How to Incorporate a Limited Liability Company

When an entrepreneur decides to create a legal entity, he is faced with the question of choosing a business structure. In what form to create a company – LLC (limited liability company, aka LLC) or Incorporation (corporation)?

What it Means to Incorporate a Company

Before understanding the formats of limited liability organizations, it is necessary to understand the meaning of the term “Incorporation”. In the commercial law of English-speaking countries, in particular the USA, the word “Incorporation” has a double interpretation:

  1. As an adjective. The word “incorporated” is translated as “registered”, “formalized as a legal entity”. Thus, in the business vocabulary of American entrepreneurs, a phrase like “We incorporated last month” is considered common.

2- The legal entity that resulted from the incorporation. It can be an LLC, a private limited company (Ltd.), or a corporation, which can be called either corporation (Corp.) or incorporation (Inc.). The last two names are considered identical, the owner can independently choose the ending and write it in all documents, for example, Alphabet Inc.

The bottom line, any limited liability company can be incorporated, but incorporation does not always result in a corporation. It sounds a bit complicated, but that’s the nature of American commercial law.

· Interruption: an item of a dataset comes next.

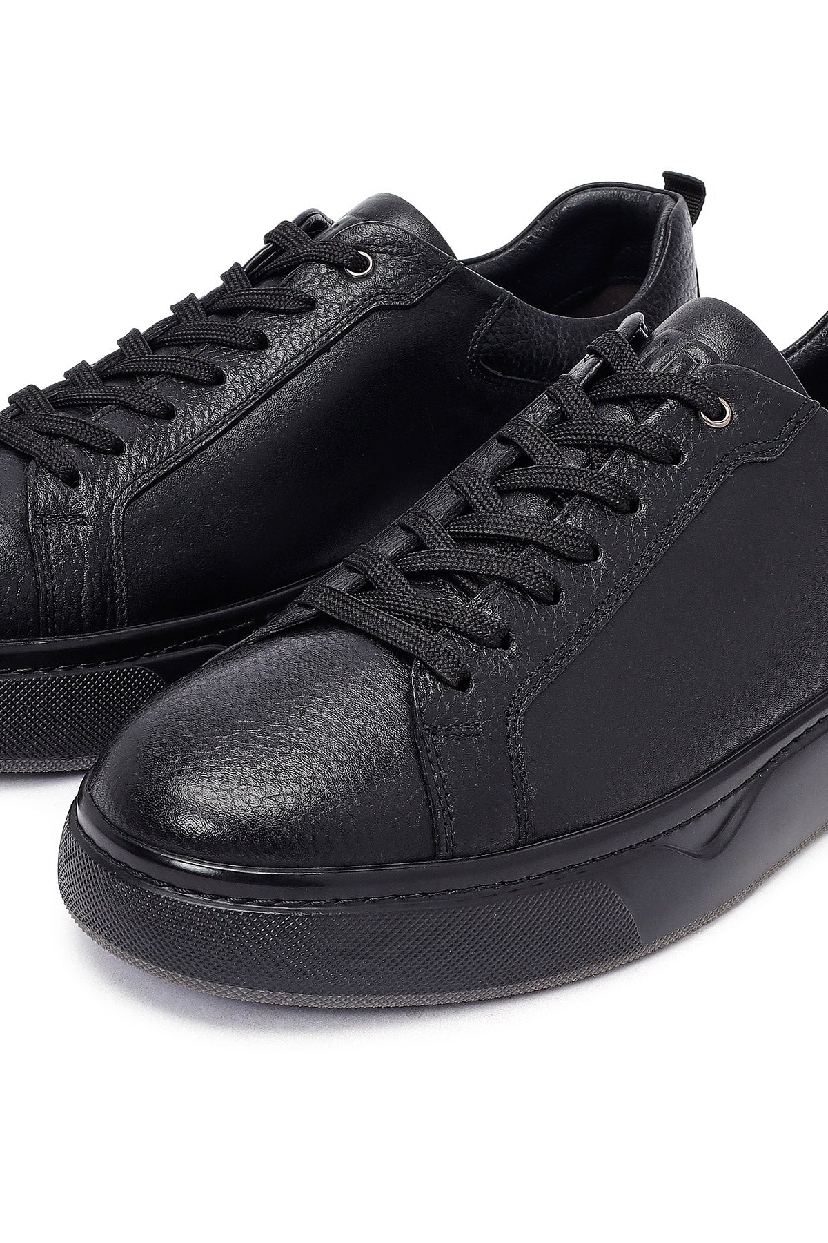 Erkek Siyah Bağcıklı Kalın Tabanlı Deri Sneaker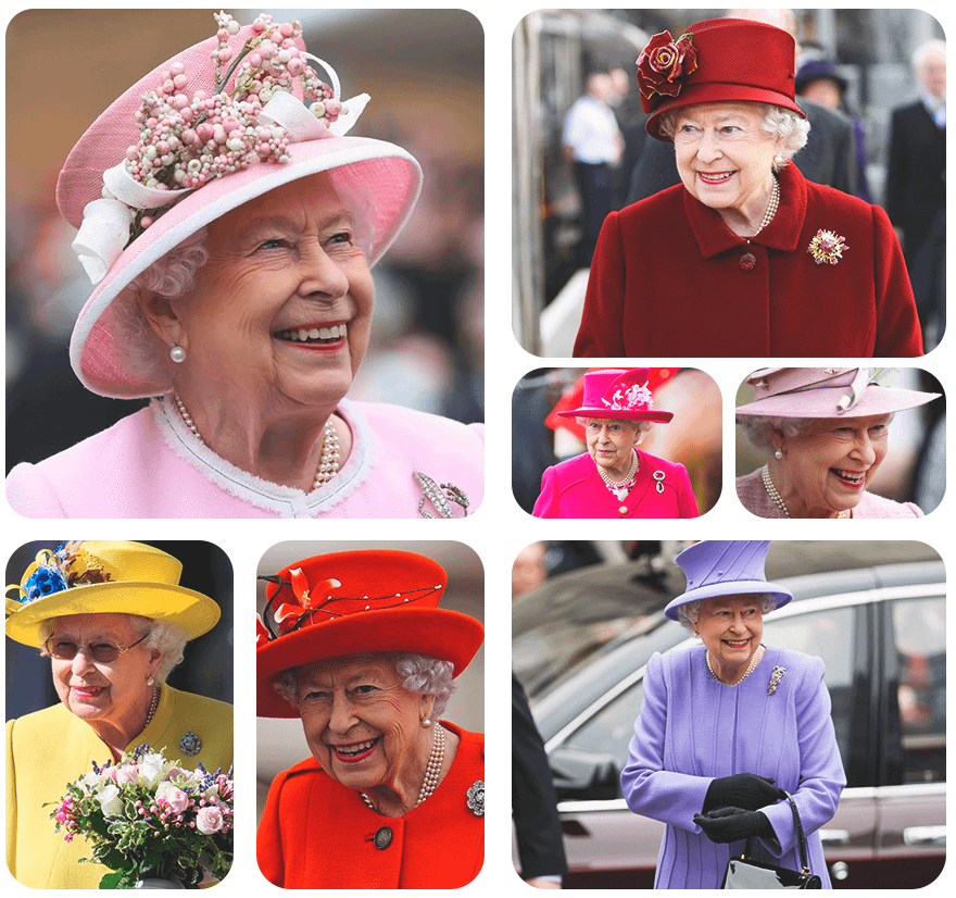 Есть несколько основных версий, объясняющих, почему Елизавета II предпочитает носить яркую одежду и не появляется на публике без шляпы, украшенной цветами. Одни считают, что таким образом ее величество пытается выделиться из толпы. Чтобы каждый из ее подданных мог сказать: «Я видел королеву». Другие уверены, что шляпа королевы — очередное напоминание о том, что она связана контрактом с военной службой, так как именно аксессуар является частью формы военнослужащих.

What the Incorporation Process Looks Like Step by Step

  1. The first decision of the founders is in which country to register and conduct business. Of course, it is much easier to do this in your home country with clear legislation and familiar bureaucracy, but opening a legal entity abroad is not associated with super-complicated requirements, and this option is available even to non-residents. In addition, the registration of a company in another country gives a foreign entrepreneur the right to obtain a residence permit.
  2. After choosing a state, there may be a need to determine the specific region where commercial activity will be conducted. For example, in the U.S., each state has separate laws for business, in other countries commercial activity may be regulated for all equally, except for special territories – free economic zones, where other laws apply.
  3. Having determined the place of registration (country and region), it is time to make a choice – what will be the organizational-legal format of the company. Each state has a different choice of business structures, in general, similar IE or LLC can be registered worldwide. It is recommended to start with the simplest, fastest and cheapest format, and then if necessary and with the development of the business to change the structure to a more complex one.
  4. Come up with a unique company name. In some jurisdictions, it is enough that the name of the business does not coincide with other existing organizations within the region (this is a simpler task, because we are talking about a smaller number of legal entities). But there are times when it is necessary to find a unique name within an entire country.
  5. Prepare the necessary package of constituent documents, pay administrative fees, apply to local authorities to complete the registration procedure of the new legal entity.
  6. Before opening and starting commercial activities, understand the additional requirements regarding your type of company. It may be necessary to obtain separate licenses, permits, and patents.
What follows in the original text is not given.